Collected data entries
########
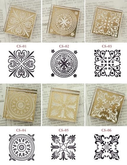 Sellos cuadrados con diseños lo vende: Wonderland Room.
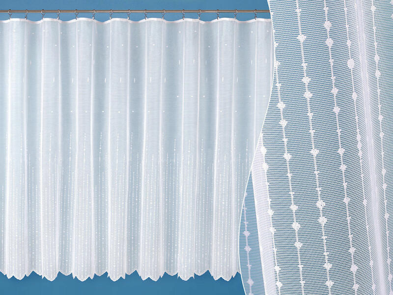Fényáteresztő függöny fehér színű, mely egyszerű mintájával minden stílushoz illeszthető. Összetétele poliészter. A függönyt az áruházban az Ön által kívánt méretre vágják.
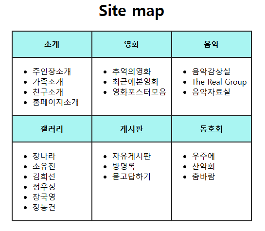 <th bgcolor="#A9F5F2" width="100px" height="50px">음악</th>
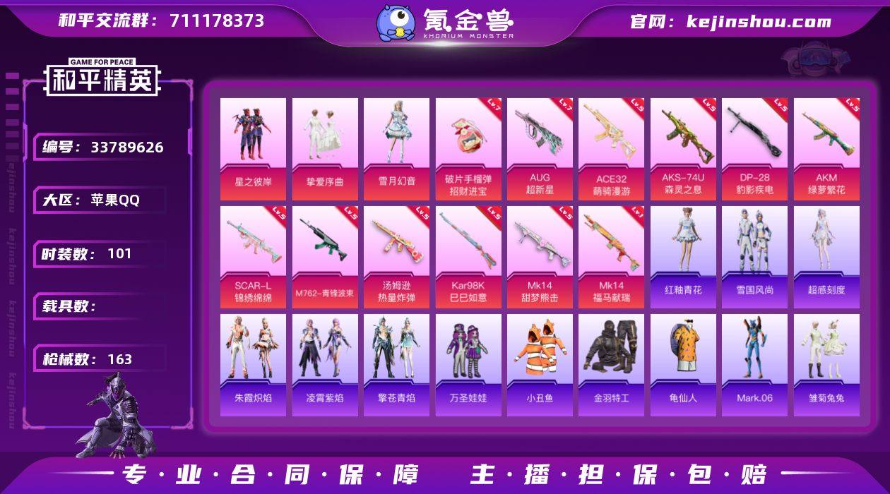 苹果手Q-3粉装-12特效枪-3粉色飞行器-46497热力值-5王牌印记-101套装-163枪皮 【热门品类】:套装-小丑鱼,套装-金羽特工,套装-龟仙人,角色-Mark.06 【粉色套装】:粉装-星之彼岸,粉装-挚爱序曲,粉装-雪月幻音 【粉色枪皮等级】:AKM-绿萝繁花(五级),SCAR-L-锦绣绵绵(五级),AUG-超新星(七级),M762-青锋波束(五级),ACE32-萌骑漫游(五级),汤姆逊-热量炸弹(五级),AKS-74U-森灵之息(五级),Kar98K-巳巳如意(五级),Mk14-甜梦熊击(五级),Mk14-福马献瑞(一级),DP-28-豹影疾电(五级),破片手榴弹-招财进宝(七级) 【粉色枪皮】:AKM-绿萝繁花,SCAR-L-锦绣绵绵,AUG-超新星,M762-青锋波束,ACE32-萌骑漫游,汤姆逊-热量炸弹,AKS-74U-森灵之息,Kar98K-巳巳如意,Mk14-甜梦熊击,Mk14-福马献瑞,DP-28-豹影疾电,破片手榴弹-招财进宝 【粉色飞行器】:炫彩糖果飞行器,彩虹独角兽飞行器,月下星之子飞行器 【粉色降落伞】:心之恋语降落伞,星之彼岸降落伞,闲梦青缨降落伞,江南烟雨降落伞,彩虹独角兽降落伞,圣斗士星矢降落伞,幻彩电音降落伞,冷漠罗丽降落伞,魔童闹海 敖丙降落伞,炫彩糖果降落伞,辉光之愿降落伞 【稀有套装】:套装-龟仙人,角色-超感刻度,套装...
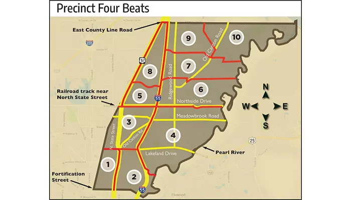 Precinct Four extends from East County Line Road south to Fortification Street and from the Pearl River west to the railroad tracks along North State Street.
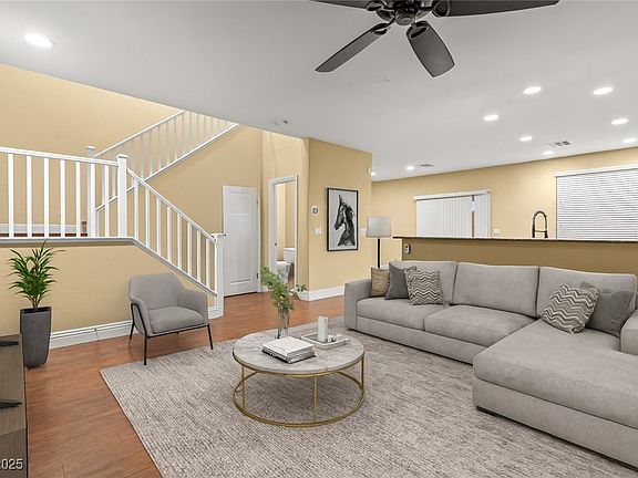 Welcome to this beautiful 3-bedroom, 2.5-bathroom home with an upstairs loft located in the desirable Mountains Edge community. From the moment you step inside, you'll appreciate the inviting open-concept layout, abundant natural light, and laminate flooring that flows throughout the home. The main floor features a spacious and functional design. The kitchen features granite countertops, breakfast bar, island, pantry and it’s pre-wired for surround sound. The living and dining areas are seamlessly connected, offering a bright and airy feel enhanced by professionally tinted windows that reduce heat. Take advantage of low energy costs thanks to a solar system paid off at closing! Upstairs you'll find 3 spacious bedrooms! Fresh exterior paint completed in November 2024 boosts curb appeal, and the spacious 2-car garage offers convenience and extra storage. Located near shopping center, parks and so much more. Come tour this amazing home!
########
▶ What you have to do
Without the pictures, return the records above exactly as written.

▶ Output
 Sellos cuadrados con diseños lo vende: Wonderland Room.
Fényáteresztő függöny fehér színű, mely egyszerű mintájával minden stílushoz illeszthető. Összetétele poliészter. A függönyt az áruházban az Ön által kívánt méretre vágják.
 <th bgcolor="#A9F5F2" width="100px" height="50px">음악</th>
 苹果手Q-3粉装-12特效枪-3粉色飞行器-46497热力值-5王牌印记-101套装-163枪皮 【热门品类】:套装-小丑鱼,套装-金羽特工,套装-龟仙人,角色-Mark.06 【粉色套装】:粉装-星之彼岸,粉装-挚爱序曲,粉装-雪月幻音 【粉色枪皮等级】:AKM-绿萝繁花(五级),SCAR-L-锦绣绵绵(五级),AUG-超新星(七级),M762-青锋波束(五级),ACE32-萌骑漫游(五级),汤姆逊-热量炸弹(五级),AKS-74U-森灵之息(五级),Kar98K-巳巳如意(五级),Mk14-甜梦熊击(五级),Mk14-福马献瑞(一级),DP-28-豹影疾电(五级),破片手榴弹-招财进宝(七级) 【粉色枪皮】:AKM-绿萝繁花,SCAR-L-锦绣绵绵,AUG-超新星,M762-青锋波束,ACE32-萌骑漫游,汤姆逊-热量炸弹,AKS-74U-森灵之息,Kar98K-巳巳如意,Mk14-甜梦熊击,Mk14-福马献瑞,DP-28-豹影疾电,破片手榴弹-招财进宝 【粉色飞行器】:炫彩糖果飞行器,彩虹独角兽飞行器,月下星之子飞行器 【粉色降落伞】:心之恋语降落伞,星之彼岸降落伞,闲梦青缨降落伞,江南烟雨降落伞,彩虹独角兽降落伞,圣斗士星矢降落伞,幻彩电音降落伞,冷漠罗丽降落伞,魔童闹海 敖丙降落伞,炫彩糖果降落伞,辉光之愿降落伞 【稀有套装】:套装-龟仙人,角色-超感刻度,套装...
 Precinct Four extends from East County Line Road south to Fortification Street and from the Pearl River west to the railroad tracks along North State Street.
 Welcome to this beautiful 3-bedroom, 2.5-bathroom home with an upstairs loft located in the desirable Mountains Edge community. From the moment you step inside, you'll appreciate the inviting open-concept layout, abundant natural light, and laminate flooring that flows throughout the home. The main floor features a spacious and functional design. The kitchen features granite countertops, breakfast bar, island, pantry and it’s pre-wired for surround sound. The living and dining areas are seamlessly connected, offering a bright and airy feel enhanced by professionally tinted windows that reduce heat. Take advantage of low energy costs thanks to a solar system paid off at closing! Upstairs you'll find 3 spacious bedrooms! Fresh exterior paint completed in November 2024 boosts curb appeal, and the spacious 2-car garage offers convenience and extra storage. Located near shopping center, parks and so much more. Come tour this amazing home!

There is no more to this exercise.